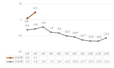 3月,火力发电量68.07亿千瓦时,同比增长7.5%;水力发电量174.50亿千瓦时,同比增长24.5%;风力发电量50.72亿千瓦时,同比下降6.5%;太阳能发电量30.88亿千瓦时,同比增长14.8%。
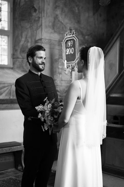 Nu börjar tiden för ceremonin att närma sig, men innan det ska vi få till en first look. I vanliga fall brukar paren vilja göra en first look med varandra, men i detta fall var det inte nödvändigt, idag kör vi en first look med närmsta familjen. Och så gulligt det blev! Detta rekommenderar jag starkt! Att föräldrarna blir placerade med ryggen mot paret, paret kommer in och ställer sig på plats och därefter vänder sig föräldrarna och de får en genuin och fin reaktion på det vackra brudparet.
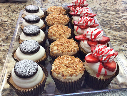 Tonya: “At Smallcakes, we bake fresh every single day. We offer a variety of cupcake flavors daily in addition to offering gluten free, vegan and even pupcakes for our little furry friends. Not only do we offer cupcakes, we also bake custom cake orders for holidays, weddings, and special events as well as decorative cookies, cake pops and brownies.”
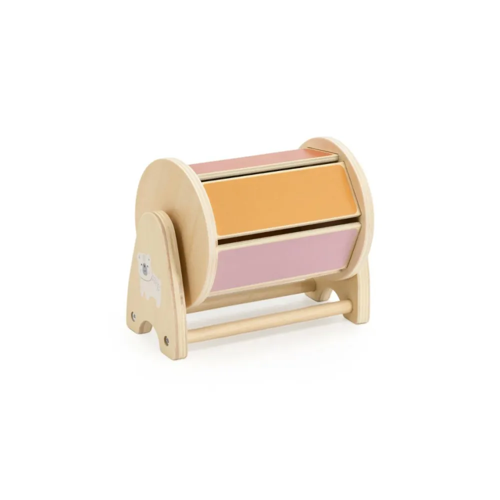 En lille kommode med en skuffe, hvor der gemmer sig en kugle. Du kan også gemme andre ting.
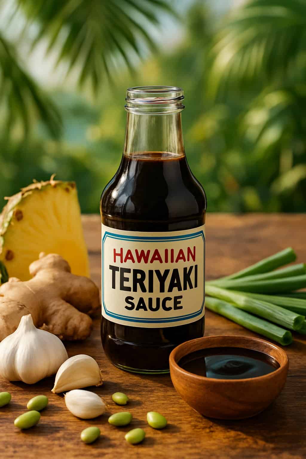 Hawaiian teriyaki sauce blends soy sauce, sugar, and ginger into a base that is both sweet and savory. Some cooks add pineapple juice for a tropical flavor that helps tenderize meat and balance the saltiness.
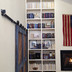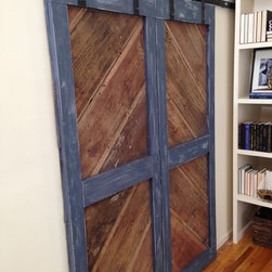 Sliding barn-style doors made from reclaimed wood lead from the living room into the master bedroom.
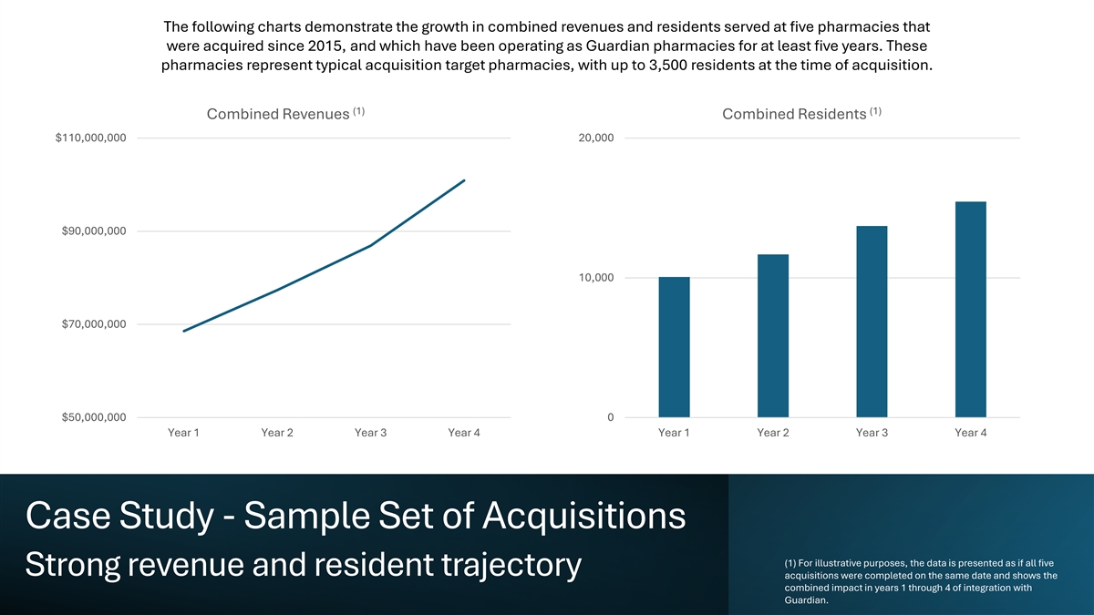 The following charts demonstrate the growth in combined revenues and residents served at five pharmacies that were acquired since 2015, and which have been operating as Guardian pharmacies for at least five years. These pharmacies represent typical acquisition target pharmacies, with up to 3,500 residents at the time of acquisition. (1) (1) Combined Revenues Combined Residents $110,000,000 20,000 $90,000,000 10,000 $70,000,000 $50,000,000 0 Year 1 Year 2 Year 3 Year 4 Year 1 Year 2 Year 3 Year 4 Case Study - Sample Set of Acquisitions (1) For illustrative purposes, the data is presented as if all five Strong revenue and resident trajectory acquisitions were completed on the same date and shows the combined impact in years 1 through 4 of integration with Guardian.
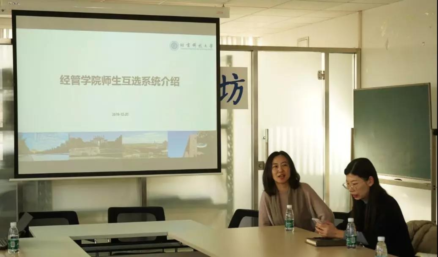 2019年12月20日北京科技大学教务处教学科科长耿悦杰、教学科赵环宇,以及学校土木与资源工程学院、冶金与生态工程学院、马克思主义学院、计算机与通信工程学院、文法学院、高等工程师学院、外国语学院、材料科学与工程学院、能源与环境工程学院、自动化学院、机械工程学院等其他兄弟学院的教务老师来东凌经济管理学院就本科生导师的师生互选系统进行了经验交流。我院教学副院长范小华、本科生教学办公室主任赵西爱参加了这次活动,学院实验信息中心副主任、管理科学与工程系教师金家华做了题为“经管学院师生互选系统介绍”的汇报。
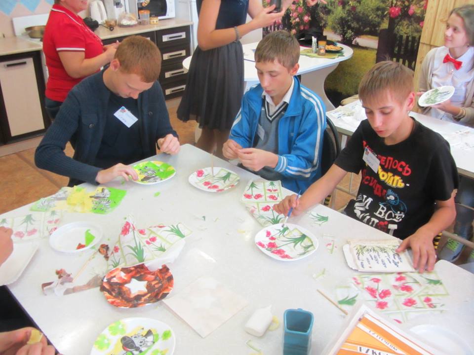 В новом учебном году в волгоградской школе-интернате № 6 возобновилась серия творческих мастер-классов рукодельниц Православного семейного центра «Лествица» при сотрудничестве с благотворительным фондом «ДетскиеДомики». 19 сентября педагог Центра обучал ребят технике «декупаж» – это занятие заинтересовало и мальчишек, и девчонок.
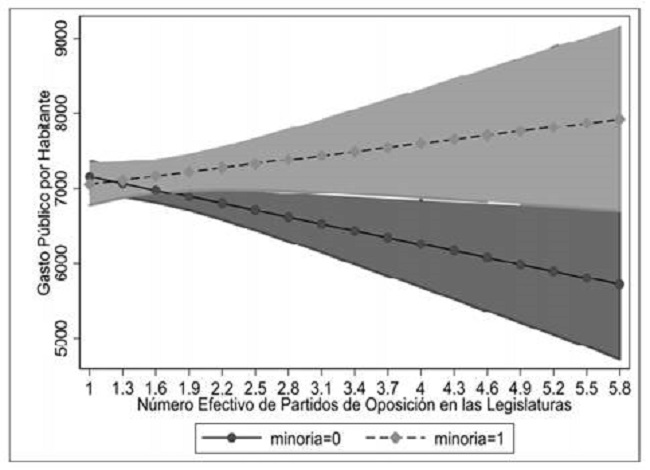 En las ocho especificaciones, verificamos que tanto el número efectivo de partidos en las legislaturas estatales como la condición minoritaria en la legislatura del partido del gobernador afectan el monto del gasto público. El coeficiente positivo de la interacción entre ambas variables sugiere que existe evidenciaestadísticamente significativaque apoyalasegunda hipótesis: incrementos en la fragmentación legislativa aumenta el gasto público por habitante cuando existe la condición minoritaria en la legislatura del partidodelgobernador.Paracalcularelefectodeambasvariablesporseparado (el número efectivo de partidos y la variable binaria que indica la presencia de gobierno dividido) pero que incluya el efecto marginal de la interacción entre ellas, procedemos a calcular el valor esperado del gasto público per cápita para distintos valores de ambas variables: la fragmentación legislativa y la condición de gobierno dividido.
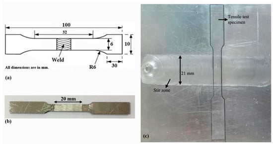 (a) Schematic design of the tensile test specimen, and (b) tensile test specimen for FS- and (c) FSV-welded specimens.
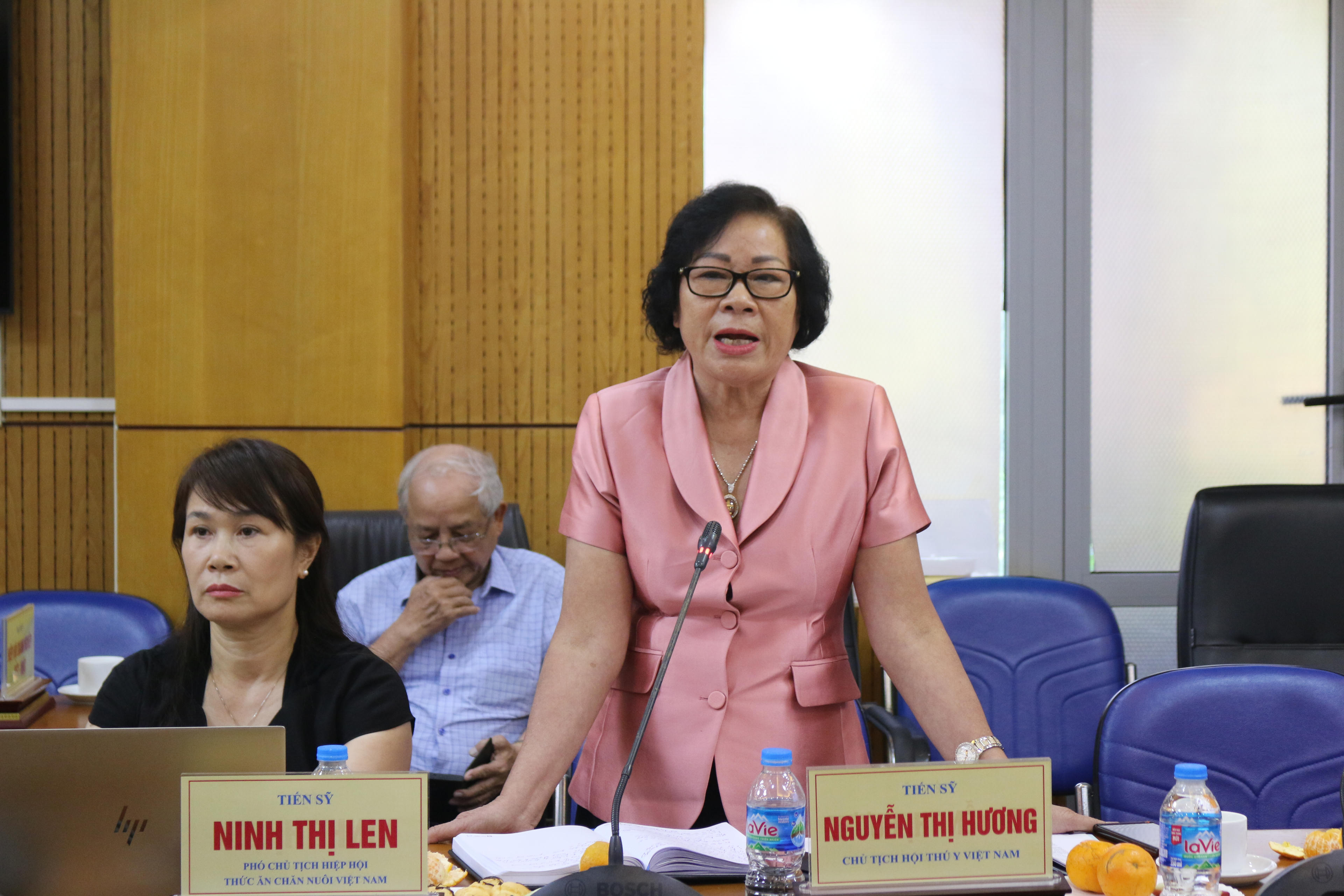 TS. Nguyễn Thị Hương, Chủ tịch Hội thú y Việt Nam đóng góp ý kiến tại toạ đàm. |
○ ○ ○
_Work request_: Print exactly the lines from the first line of the records above through the line containing "Hawaiian teriyaki sauce", leaving out the pictures.

_Task result_:
 3月,火力发电量68.07亿千瓦时,同比增长7.5%;水力发电量174.50亿千瓦时,同比增长24.5%;风力发电量50.72亿千瓦时,同比下降6.5%;太阳能发电量30.88亿千瓦时,同比增长14.8%。
 Nu börjar tiden för ceremonin att närma sig, men innan det ska vi få till en first look. I vanliga fall brukar paren vilja göra en first look med varandra, men i detta fall var det inte nödvändigt, idag kör vi en first look med närmsta familjen. Och så gulligt det blev! Detta rekommenderar jag starkt! Att föräldrarna blir placerade med ryggen mot paret, paret kommer in och ställer sig på plats och därefter vänder sig föräldrarna och de får en genuin och fin reaktion på det vackra brudparet.
 Tonya: “At Smallcakes, we bake fresh every single day. We offer a variety of cupcake flavors daily in addition to offering gluten free, vegan and even pupcakes for our little furry friends. Not only do we offer cupcakes, we also bake custom cake orders for holidays, weddings, and special events as well as decorative cookies, cake pops and brownies.”
 En lille kommode med en skuffe, hvor der gemmer sig en kugle. Du kan også gemme andre ting.
 Hawaiian teriyaki sauce blends soy sauce, sugar, and ginger into a base that is both sweet and savory. Some cooks add pineapple juice for a tropical flavor that helps tenderize meat and balance the saltiness.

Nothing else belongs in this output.